# Problem description
In the listing below, start your output at the line with "На высотном здании" and end it after the line with "Two-Seat Chair with", copying every line exactly.

# Records to process
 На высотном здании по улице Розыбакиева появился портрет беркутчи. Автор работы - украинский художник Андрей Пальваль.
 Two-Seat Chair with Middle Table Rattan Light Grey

* * *

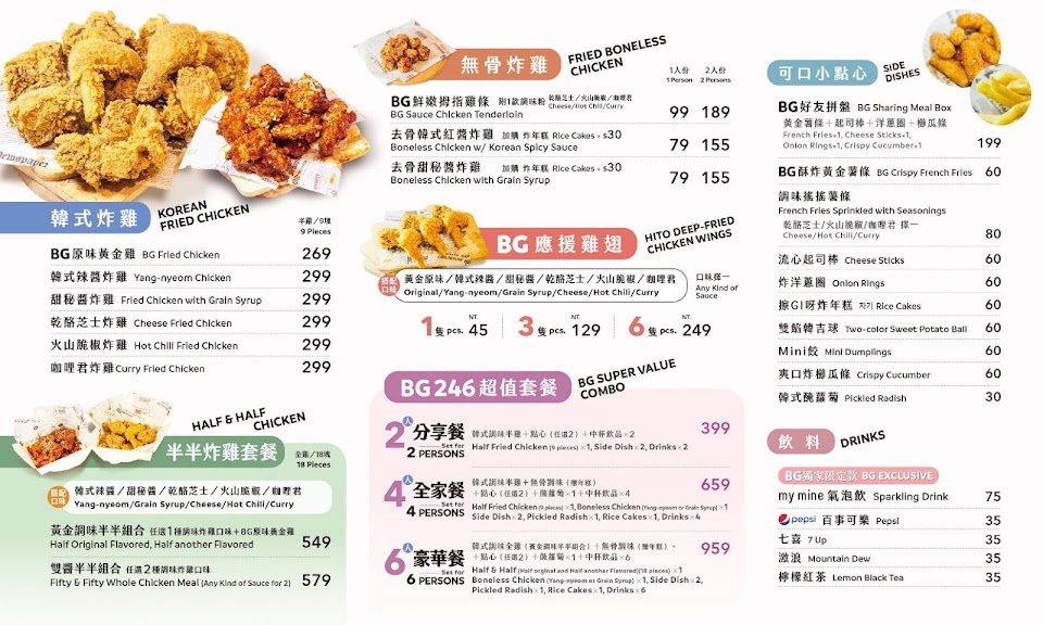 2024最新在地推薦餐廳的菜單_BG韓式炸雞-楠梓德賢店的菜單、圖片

# The completed task
 На высотном здании по улице Розыбакиева появился портрет беркутчи. Автор работы - украинский художник Андрей Пальваль.
 Two-Seat Chair with Middle Table Rattan Light Grey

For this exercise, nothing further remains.